I, probably unlike you, have had to learn a lot about social networking. All of us, however, have had to take to heart the lessons of ex-congressman Weiner. Annelie – not merely my wife, but editor-in-chief of family offerings – always signs off on everything going out on the www. The black humor of this, of course, is that I am the one with the doctoral degree, while she is the smarter of the two. Despite the nodding of the heads of friends, I maintain this is merely a matter best consigned to the flesh. I am left brained, she is right brained, and it is a matter of record that the thin white strip between the two hemispheres is thicker in the female than the male, facilitating the better transmission between the two. I regard this as a matter of cheating when issues appear of less quiet discussion. Only male readers may vote on this widely accepted truism, of course.
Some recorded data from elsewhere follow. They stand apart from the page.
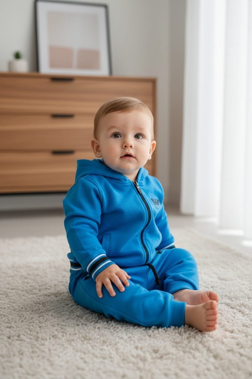Моделът включва горнище с качулка, която осигурява допълнителна защита и уют, както и удобно долнище, създадено да не ограничава движенията на бебето. Фин детайл е деликатното бродирано лого, което придава стилен и завършен вид, без да дразни кожата.
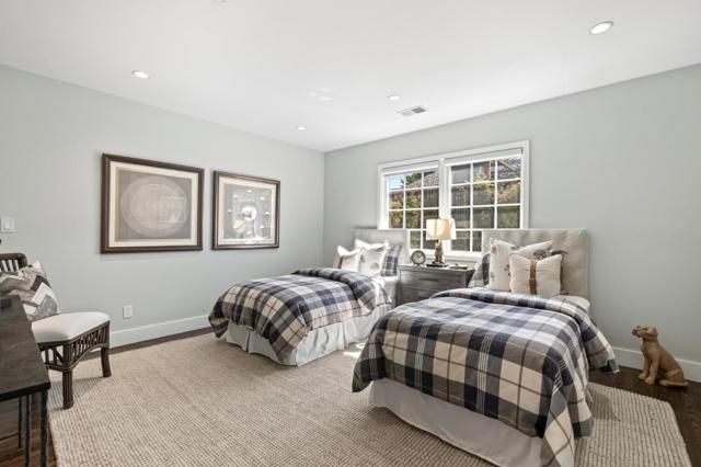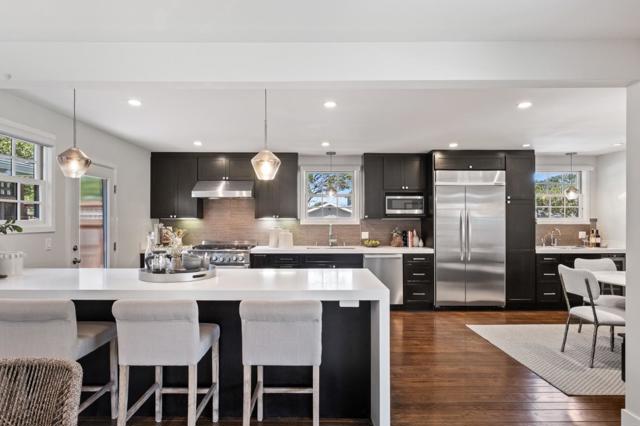 Discover a beautifully updated home in Burlingame's Ray Park neighborhood. Set on a quiet, tree-lined street, this single-story residence offers 3 bedrooms, 3 bathrooms, and approximately 1,980 s/f. The open-concept kitchen features floor-to-ceiling espresso cabinetry, a white quartz waterfall island, and stainless steel appliances, including a DCS by Fisher & Paykel gas range with Bosch hood, Miele dishwasher, KitchenAid French door refrigerator, and integrated microwave. A custom breakfast nook with a secondary sink and wine fridge. A see-through fireplace with floor-to-ceiling porcelain connects the living and dining spaces, with hardwood floors throughout. The primary suite includes an en suite bath, while two bedrooms share a bath with mosaic tile and glass-enclosed tub and shower. Additional office and guest bath. Private courtyard with covered patio, lawn, mature trees, and BBQ area with gas hook-up. Additional amenities include dedicated laundry area, two-car garage, and 220V outlet. Close to top-rated schools, downtown Burlingame, and easy commuting options via Highway 101 to San Francisco.
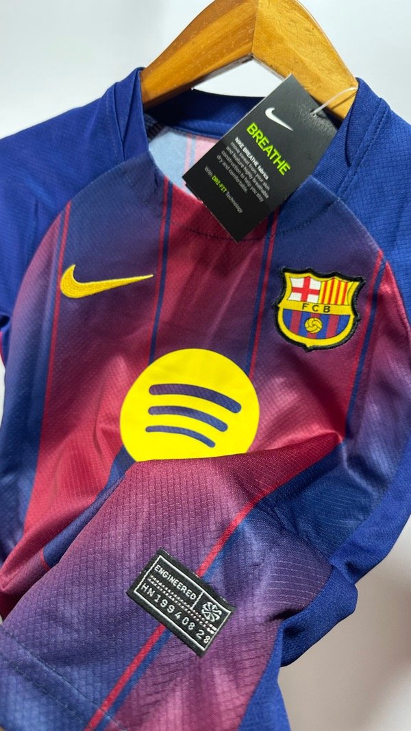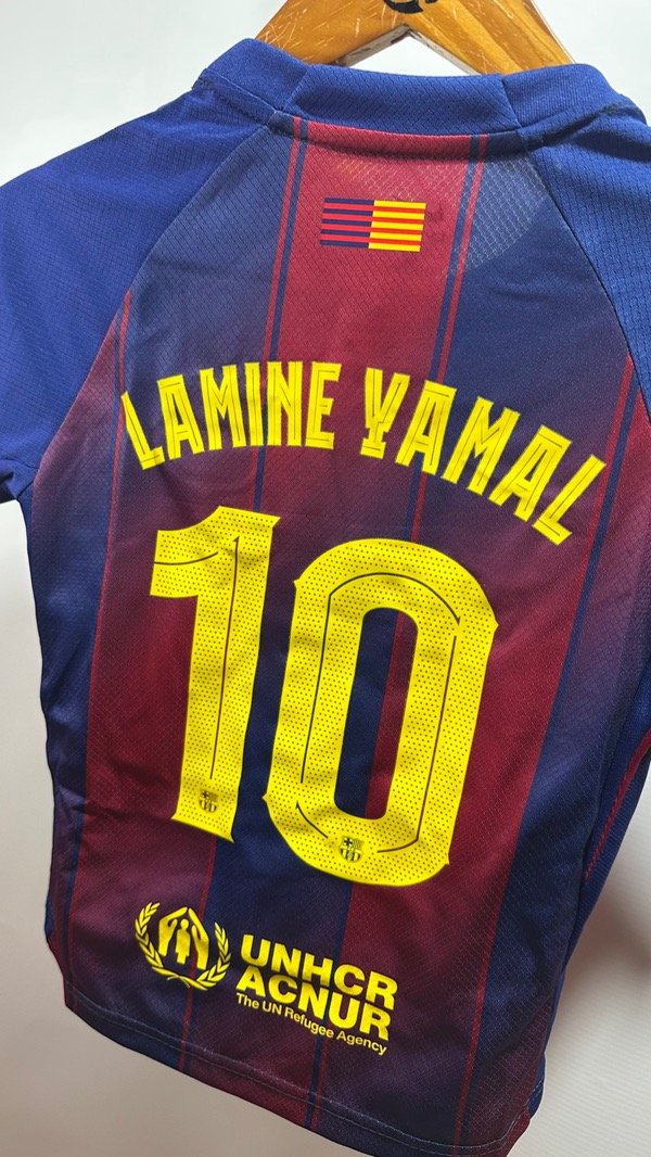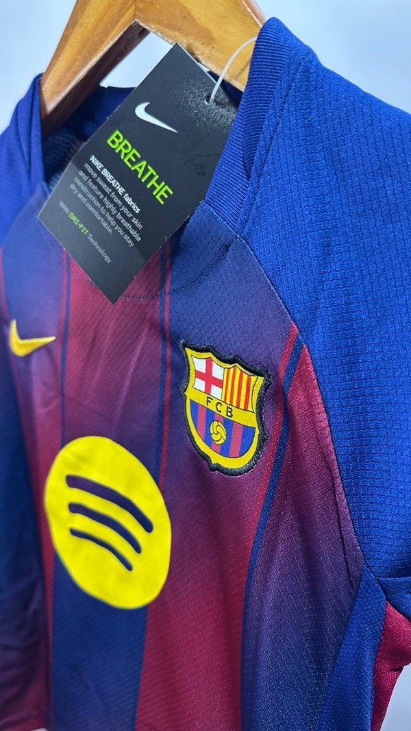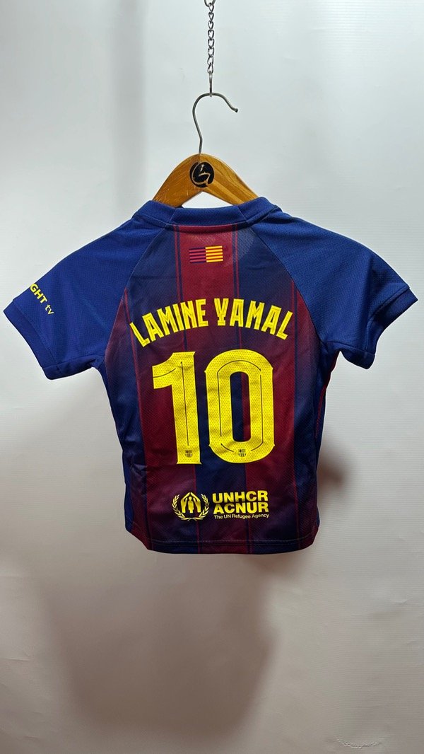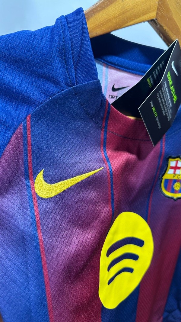 Camiseta del FC Barcelona Titular, temporada 2025/2026. Con escudo y marca Nike bordados de la mejor calidad, prácticamente oficiales. Con la número 10 en el dorsal de la Joya Lamine Yamal. Con etiqueta Adidas con su respectivo talle. Estampados termosellados. Importado G5 versión fan.
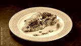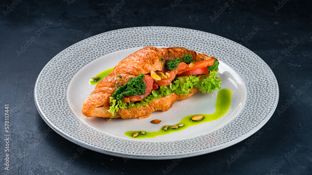 Fresh croissant with salmon, tomatoes, lettuce and pesto sauce.
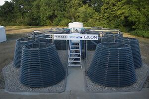 Microalgae are unicellular, fast-growing plants that can be cultivated using less land and water consumption than terrestrial plants. Together with its partners, Anhalt University of Applied Sciences and Wacker Chemie AG, GICON® has succeeded in developing the innovative GICON® Photobioreactor (PBR) system. The PBR is based on a conical supporting structure reminiscent of the shape of a Christmas tree. A double-chamber tube made of resistant, low-maintenance silicone is placed on this adaptable frame. Due to the separate flowing of the algae mass in one chamber and water for tempering in the second chamber, the GICON® PBR can be used all year round and worldwide. Several patents have been applied for this system- and process-engineering solution. In addition to the Central German Biosolar Center at the University of Applied Sciences in Köthen, GICON® also operates an industrial demonstration plant with a GICON® PBR Octagon at the Cottbus site.
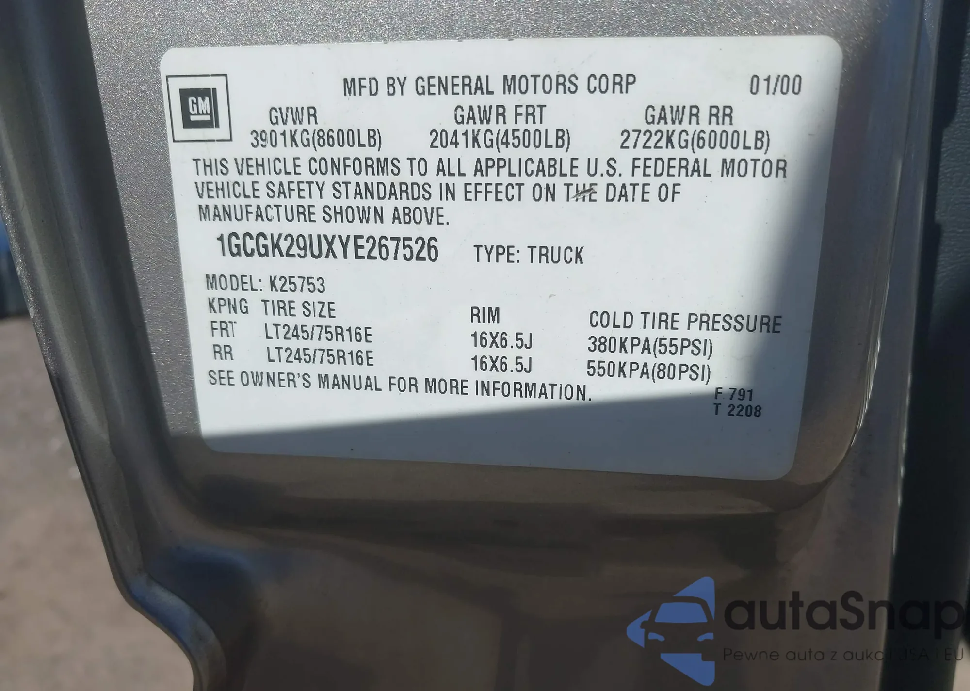 Samochód Chevrolet Silverado 2000 (VIN 1GCGK29UXYE267526) nie był wcześniej licytowany. Dokumenty są czyste, przebieg odpowiada lub jest niższy niż średnia rynku. Sprzedaje go firma ubezpieczeniowa – polecamy zakup. Dostawa do portu zajmie ok. 6–8 tygodni.

 My latest adventure in social networking is the TV trailer. Long have I known (and been bored by) motion picture pre-views. In my innocence I was unaware that the best selling books now have TV trailers, or so my son informs me. Since he works in Hollywood while living in Indiana, I must assume he knows. So it was he came by with the first draft of a trailer – a string of pictures, not unlike the ones on the blog, words from reviewers, picture of our book cover, etc. The music, which also had to be in public domain, Annelie and I questioned. It was of “Amazing Grace,” a spiritual recorded by a black couple in the 1920’s. The pain was there, but no transition to an affirmation; that is needed to illustrate the subtitle of our book, “From Woundedness to Wholeness.” Our son went back to give further consideration. “How,” you may ask, “do you afford such professional competence?” The man is absolutely adamant in his demand for Annelie’s potato pancakes over the July 4th weekend.

The moral of this, naturally but perhaps above normally, is that we are all learners. None of us is too old, none of us too, too youngish.

I was so pleased this week to see hits from France and Australia. That makes sixteen countries.
When I began this blog I had the conviction that PTSD was a severe world-wide problem.
We are all in this together, and together it is that we will find our way out.